См. статью «Любовь» - Давид Гроссман
Шрифт:
Интервал:
Закладка:
— Нет, не помогает. Я застрял. Вассерман подвел меня. Он ввел в свой рассказ младенца.
— Так, может, стоит вывести этого младенца?
— Нет, нет! Если младенец прибыл, он, как видно, должен быть там. Необходим. Ты ведь знаешь, как я пишу. Я только записываю то, что мне предложено записать, цитирую то, что уже сказано где-то в другом месте. Но на этот раз у меня нет сил. И главное — не понимаю, чего этот младенец хочет от меня! Я с трудом справляюсь с моим первым младенцем. В самом деле, в последнее время со мной происходит что-то нехорошее. Я боюсь даже говорить об этом. Иногда у меня нет сил перетащить себя из одного мгновения в следующее. Люди возбуждают во мне ненависть. Не обычное мое отвращение к ним: настоящую ненависть. У меня не хватает смелости противостоять их бессмысленной жизнедеятельности. Я иду по улице и чувствую, как мощное течение всеобщей суеты утягивает меня на дно. Слезы, например.
— Прости?..
— Я смотрю в их лица и знаю, что за тончайшей пленкой человеческой кожи скрываются слезы — где-то там, в слезном мешке.

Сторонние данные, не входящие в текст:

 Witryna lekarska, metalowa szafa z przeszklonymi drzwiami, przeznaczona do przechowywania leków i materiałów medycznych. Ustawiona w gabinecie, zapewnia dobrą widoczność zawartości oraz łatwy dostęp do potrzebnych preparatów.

— Люди, как правило, не плачут на улицах.
— Но слезы там присутствуют. Иногда, когда автобус внезапно тормозит возле меня на шоссе, я представляю себе всплеск слез. Весь этот неизлитый плач, который остался внутри. И не только слезы. Боль тоже. Пугающая непрочность, ранимость каждого органа в теле. И наслаждение, конечно. Жажда наслаждения, которая толкает на безумные поступки. Так много опасных грузов в таком маленьком хрупком теле. Как это выдержать? Как выстоять против всего этого? Ты понимаешь, о чем я говорю? Не отвечай мне, нет, не отвечай! Я чувствую, что у меня уже нет душевных сил понять даже то, что происходит в жизни одного человека. Если бы я не был обязан писать историю дедушки Аншела, я вернулся бы к моим «вещественным» стихам.
— Ты только знай, что я очень люблю тебя.

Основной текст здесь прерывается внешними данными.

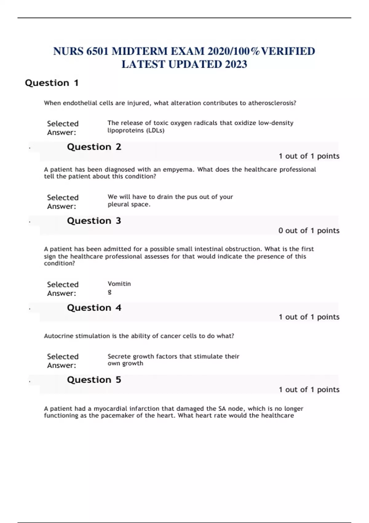 NURS 6501 MIDTERM EXAM 2020/100%VERIFIED LATEST UPDATED 2023 Question 1 When endothelial cells are injured, what alteration contributes to atherosclerosis? Selected Answer: The release of toxic oxygen radicals that oxidize low-density lipoproteins (LDLs) A patient has been diagnosed with an empyema. What does the healthcare professional tell the patient about this condition? Selected Answer: We will have to drain the pus out of your pleural space. A patient has been admitted for a possible small intestinal obstruction. What is the first sign the healthcare professional assesses for that would indicate the presence of this condition? Selected Answer: Vomitin g Autocrine stimulation is the ability of cancer cells to do what? Selected Answer: Secrete growth factors that stimulate their own growth

— Несмотря на все это? — спрашиваю я с обидой, с тоской.
— Может, как раз из-за этого всего.
— Я тебя тоже. Даже если иногда ты сводишь меня с ума этой своей спасительной наивностью.
— Ты прекрасно знаешь, что это не наивность. Как можно оставаться наивной, живя с тобой? Это решение. И кроме того — ты всегда можешь наказать меня: когда начнется это твое массовое бегство и я буду с двумя младенцами на руках и одним в животе, удирай не оглядываясь — один, без нас. Я не смогу пожаловаться, что ты не предупреждал меня.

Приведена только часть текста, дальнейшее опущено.